Google DeepMind’s Genie is a unique generative model capable of translating plain images or text prompts into dynamic, interactive worlds. Trained on over 200,000 hours of in-game video footage, Genie captures and generates the physics, aesthetics, and dynamics of multiple environments and objects. The completed model, documented in a research paper, houses over 11 billion parameters to generate these interactive virtual environments.
Genie’s unique functionality can turn photos of your living room or garden into playable 2D platform game levels. Users can feed Genie with images or hand-drawn sketches, which are then transformed into interactive environments. By offering latent actions at each time step, users can guide Genie’s output. The model’s unique features come into play allowing frame-by-frame interaction with the generated environments.
Genie’s mechanism comprises three key components: a spatiotemporal video tokenizer, an autoregressive dynamics model, and a Latent Action Model (LAM). Spatiotemporal transformers stand out as central elements to Genie’s function, given their ability to process video frames sequences over time. Genie’s Latent Action Model infers the possible actions amongst video frames, hence controlling the interactive environments’ events. In action, Genie compresses raw video frames into discretized tokens via a video tokenizer, which paves the way for the dynamics model to predict subsequent frames.
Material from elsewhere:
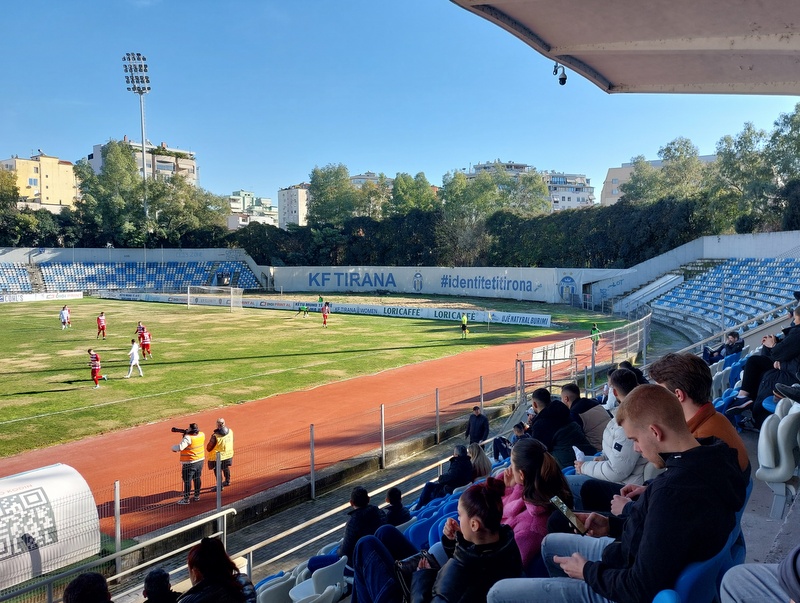 I had a choice of games in the last sixteen of the Cup, unfortunately both taking place at the same time. A barber that I went to suggested that I see his team, Partizan. They are the big club in town, but have a modern stadium and were an arse on to get to. Instead, I picked KF Tirana who were within walking distance of my hotel and play in a ground built in the mid-fifties.

Cognizant of the potential of Genie, the DeepMind team acknowledged its potential in enabling individuals to generate personalized game-like experiences. In the world of robotics, Genie’s potential was showcased when tasked with deciphering actions performed by real robot arms interacting with real-world subjects.
However, despite the model’s impressive feats, DeepMind is well aware of the potential misuse of this innovation. To mitigate any adverse risks, the trained model checkpoints, the model’s training dataset, or examples of such data were not released alongside the research paper or website.
This technology aligns with DeepMind’s goal of developing gaming-based projects that simulate real-world applications such as the XLand project and SIMA. These projects, using video games, have offered an unprecedented sandbox for training and testing AI models. Hence, DeepMind continues its exploration of AI and gaming, fostering creativity and innovation, while carefully deliberating the potential risks and benefits.